A Healthcare Information Services Provider Business Model

I’ve written previously about Healthcare Information Exchange Sustainability and the need for Healthcare Information Services Providers (HISPs) to serve as gateways connecting individual EHRs.

How should HISPs be funded and how can we encourage HISP vendors to connect every little guy in the country?

We’ve started to think about this in Massachusetts.

There are numerous vendors promising HISP services –  Medicity (Aenta), Axolotl (Ingenix), Surescripts, Verizon, and Covisint.

An HIE needs to include at least one common approach to data transport, a routing directory, and a certificate management process that creates a trust fabric.   Existing HISP vendors have heterogeneous approaches to each of these functions.    In the future, the Direct Project may provide a single approach, but for now HISP vendors will need to be motivated to adhere to State HIE requirements.

An idea that has been embraced by some State HIEs, such as New Hampshire, is to pay HISP vendors a modest fee (under 100K) to support State requirements.   This “connectivity” incentive results in interoperable HISPs, creating a statewide network of networks.

Once a standardized HISP approach is supported by multiple vendors, then individual practices need to be connected.   Some practices will be aggregated into hubs by EHR software vendors as has been done in cities such as North Adams (Massachusetts), projects such as the New York City PCIP project, and physicians organizations such as the Beth Israel Deaconess Physicians Organization.   However, it’s not likely to be cost effective for a vendor to connect every isolated practice to a HISP for the $50/month the practice is willing to pay.

The Regional Extension Center program offers $5000 per provider to accelerate EHR adoption.    If State HIE programs were to offer a onetime EHR integration payment to HISP vendors, such as $500 per practice connected, then it is likely vendors would accelerate their efforts to connect “the last mile”.
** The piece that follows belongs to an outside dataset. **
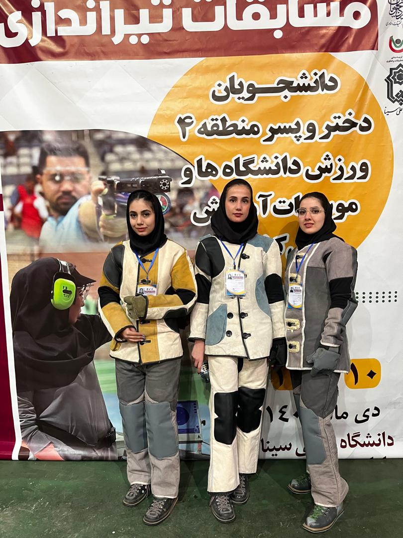 همزمان با هندبال، دانشگاه بوعلی­ سینا میزبان مسابقات تیراندازی دانشجویان دختر و پسر منطقه 4 ورزش نیز بود. این مسابقات در سالن تیراندازی هیات استان و با حضور دانشجویانی از دانشگاه­ های قم، محلات، صنعتی همدان، حضرت معصوم (س)، رجاء و دانشگاه بوعلی سینا در دو ماده تفنگ و تپانچه انفرادی و تیمی برگزار گردید. در ماده تپانچه دانشجویان پسر علی حقی از بوعلی­ سینا اول شد، ایلیا زکی زاده از رجا و محمد جواد قاسمی از قم مقام­ های بعدی را به دست آوردند. در ماده تپانچه دانشجویان دختر سما جعفری، پرنیان شیخی و فاطمه مجیدی هر سه از بوعلی­ سینا بر سکوهای اول تا سوم قهرمانی قرار گرفتند. در تفنگ دانشجویان پسر ادیب ضیاء مرادی از صنعتی همدان اول شد. محمدصالح علیجانی از رجاء در جایگاه دوم ایستاد و محمدرضا شیرخانی جایگاه سوم را از آن خود کرد. در ماده تفنگ دانشجویان دختر نیلوفر حمیدی از بوعلی ­سینا به مدال طلا دست یافت، یاسمن منصوری از دانشگاه حضرت معصومه (س) نایب قهرمان شد و کیانا صحرایی از بوعلی­ سینا سوم شد. بدین ترتیب با احتساب امتیازات ورزشکاران هر دانشگاه، در ماده تپانچه تیمی دانشجویان پسر، بوعلی ­سینا قهرمان شد و دانشگاه­ های محلات و قم به ترتیب حائز رتبه ­های دوم و سوم شدند. در ماده تپانچه تیمی دانشجویان دختر، بوعلی ­سینا با ترکیب کامل مقام قهرمانی را به دست آورد. مقام قهرمانی تفنگ تیمی دانشجویان پسر به محلات رسید و در بخش دانشجویان دختر بوعلی­ سینا بر سکوی نخست ایستاد و دانشگاه محلات دوم شد.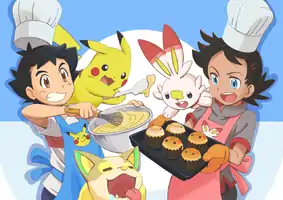 Artwork of Ash and Goh posted for the anime's return Artwork for Happy Sunshine Day in 2020

Thus, if State HIE funds covered vendor costs to implement statewide standards and offered a per EHR initial connectivity fee, barriers to startup would be eliminated.   The small amounts clinicians are willing to pay per month would then cover operating expenses so that HISPs could be self sustaining.

As a fallback, in the case that vendors do not find these payments appealing enough, Massachusetts has considered the idea of a public interest HISP – a subsidized service to cover practices without resources, in remote locations, or with special connectivity challenges.

Ideally, market forces would be enough for vendors to connect every payer, provider, and patient in the country.  However, HIEs will only be sustainable when there are sufficient customer connections to create business value.   A catalyst of State HIE funding to accelerate HISP standardization and EHR connectivity is necessary to provide the “activation energy” which will align the cost of providing the service with a price customers are willing to pay.

John Halamka is the CIO at Beth Israel Deconess Medical Center and the author of the popular Life as a Healthcare CIO blog, where he writes about technology, the business of healthcare and the issues he faces as the leader of the IT department of a major hospital system. He is a frequent contributor to THCB.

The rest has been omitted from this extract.